No Runny Eggs

The repository of one hard-boiled egg from the south suburbs of Milwaukee, Wisconsin (and the occassional guest-blogger). The ramblings within may or may not offend, shock and awe you, but they are what I (or my guest-bloggers) think.

Popular Mechanics – Drill now to bridge the gap

by @ 15:49 on August 27, 2008. Filed under Energy.

(H/T – Glenn Reynolds via Sean Hackbarth)

James B. Meigs takes a critical look at energy policy in the October 2008 issue of Popular Mechanics (don’t ask me why magazines pre-date their issues that far in advance). While I want you to read the entire thing, I will give you the Cliff’s Notes version:

  • Do we really need an Apollo-style high-tax-subsidy energy plan? Meigs points out that the Apollo mission was a single, well-defined engineering challenge, while replacing oil (and potentially coal) in the energy infrastructure is multitude of changes affecting every aspect of modern life.

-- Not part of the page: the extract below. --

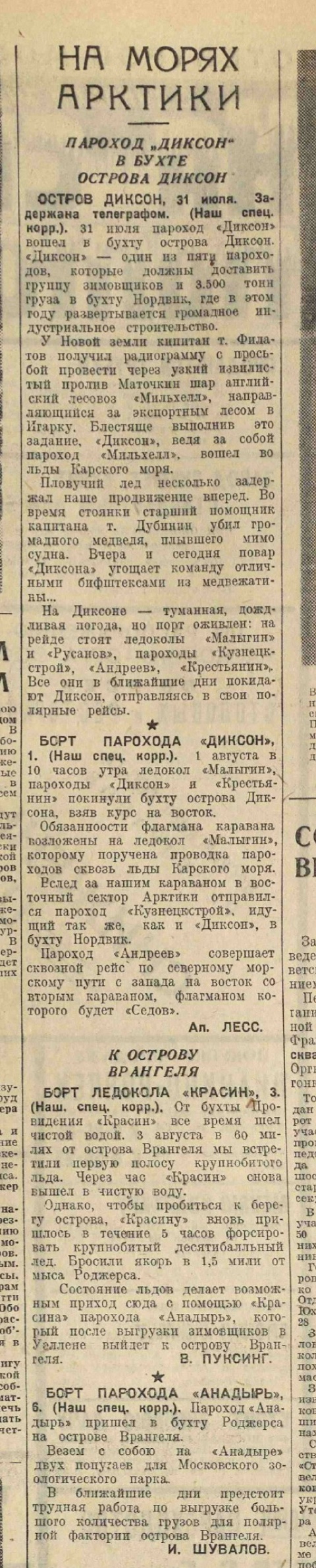 К острову Врангеля пришли краснознаменный ледокол «Красин» и пароход «Анадырь», доставившие новую смену зимовщиков, продовольственные и другие товары. Население острова гостеприимно встретило новую смену, которая уже приступили, к приемке научных работ. Население острова шлет привет красной Москве.

    Further, Meigs points out that the singular achievement of Apollo was followed up by the current state of NASA. Specifically, it spectacularily-failed in providing an affordable and reliable space vehicle.

  • We’ve had massive energy plans since the Nixon administration, most of which have been as spectacular a failure as the Shuttle. I must refute parts of the anti-coal argument; coal is a lot cleaner than it’s ever been, and I seem to have missed the mention of the lock-up of the clean coal in Utah done by Bill Clinton.
  • We need decades to get solar and wind on-line in any meaningful manner, and until then, we need the offshore oil and gas.

The folks at PM included a nice little graphic at the end of the online piece highlighting a few significant newer oil/natural gas finds, including a pair of finds in the Continental US.